Hackers are impersonating popular video conferencing apps like Zoom, Google Meet and Microsoft Teams in a new form of phishing scams.
A new report from Check Point Research outlines that since lots of people are using these services during the COVID-19 pandemic, hackers have registered domains to pose as the services and get users to download malware or allow unauthorized access to sensitive information.
The research firm has found 2,449 domains related to Zoom in the past three weeks. It concluded that 32 of the links are malicious and 320 of them are considered suspicious.
Further, users have fallen prey to a phishing campaign that poses as Microsoft Teams. For instance, hackers are sending out emails titled: “You have been added to a team in Microsoft Teams.” The emails contain a malicious link, and victims ended up downloading the malware when they clicked on the fake “Open Microsoft Teams” icon.
There have also been several fake Google Meet links that led users to suspicious websites in attempts to retrieve personal information.
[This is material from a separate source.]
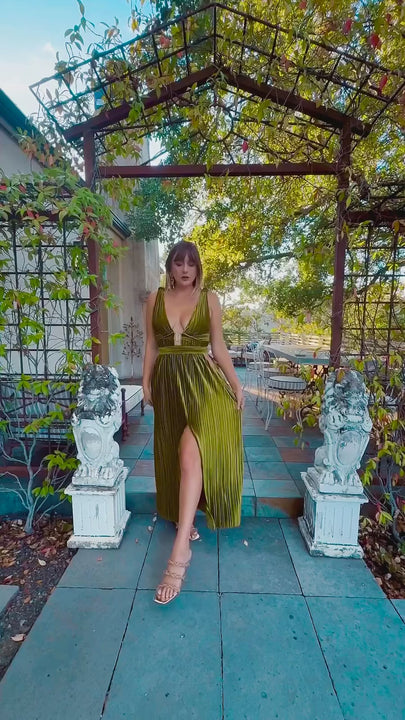 Thyme Velvet Slit Midi Dress

Check Point Research notes that there are also several phishing email campaigns that pose as the World Health Organization. Some of the emails include files that download malware onto devices, while others ask for donations for the WHO and UN to be sent to bitcoin wallets.
The firm outlines that hackers are registering virus-related domains to represent different stages of the pandemic around the world. The start of the pandemic brought several fake live map domains, and towards the end of March there were relief-based scams related to stimulus payments and government aid.
“Since several countries have started easing restrictions, and begun planning the return to normal life, domains related to life after the coronavirus have become more common, as well as domains about a possible second wave of the virus,” the report states.
So far, there have been 90,284 new domains registered globally in relation to COVID-19.